Ok, since you took the time to respond, I just want to be constructive as well: ...

jachiam · on Nov 5, 2019

Hello! Spinning Up author here.

Very reasonable point that it is not clearly explained why you need to store logp_pi in the buffer. But the reason is that it would require additional code complexity to calculate it on the fly later. The likelihood ratio requires the denominator to be on the _old_ policy, so if you wanted to compute it on the fly, you would need to have a second policy in the computation graph to preserve the old policy while you change the current policy. You could not simply do a stop_gradient on the current policy and get the same results.

My personal feeling is that tutorial-style explanations like this don't fit nicely into code comment flow. As a result, most tutorial-style descriptions went into material on the Spinning Up website rather than into the code. It isn't 100% comprehensive, certainly, but RL has an enormous surface area (there are tons and tons of little details that teaching material could dive into) and I feel pretty good about what we were able to cover. :)
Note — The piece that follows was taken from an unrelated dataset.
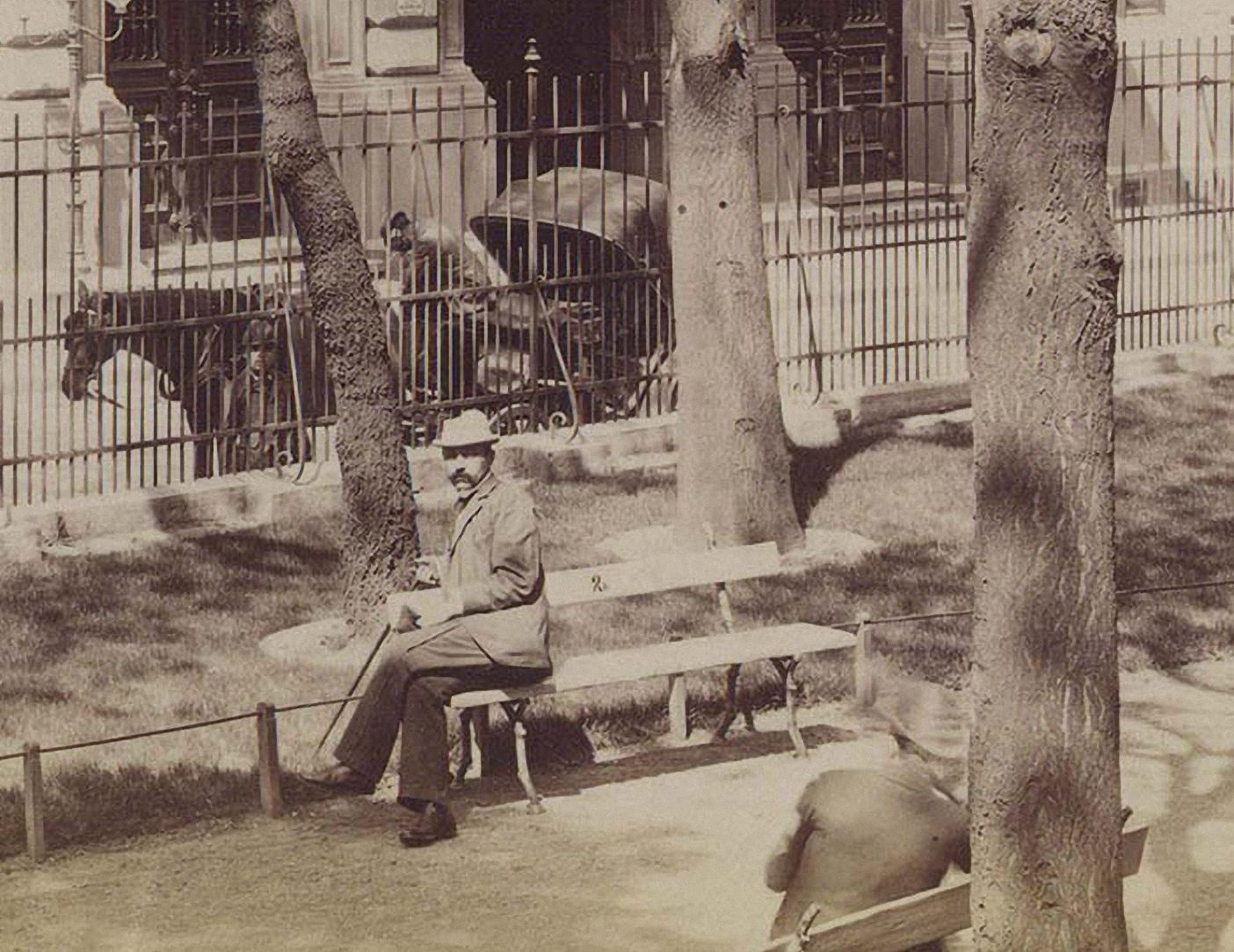 Itt közelebbről látszik az ágacska-pad és rajta a pad sorszáma, 1888 (részlet, BFL/Fortepan – Klösz György felvétele)

high_derivative · on Nov 5, 2019

Thank you for responding. Well, my point is that in particular the gradient on the likelihood ratio is what trips people up. They ask questions like 'why is this ratio not always 1' or similar. This is why I would say explaining what is going where here is critical, i.e. that we save the prior logp_pi (even though we could recompute it) to treat it as a constant value when computing the ratio/the gradient. That would be, from my perspective, the key pedagogical moment of a PPO tutorial. However his is purely subjective and I agree that one can feel differently about where to put explanations.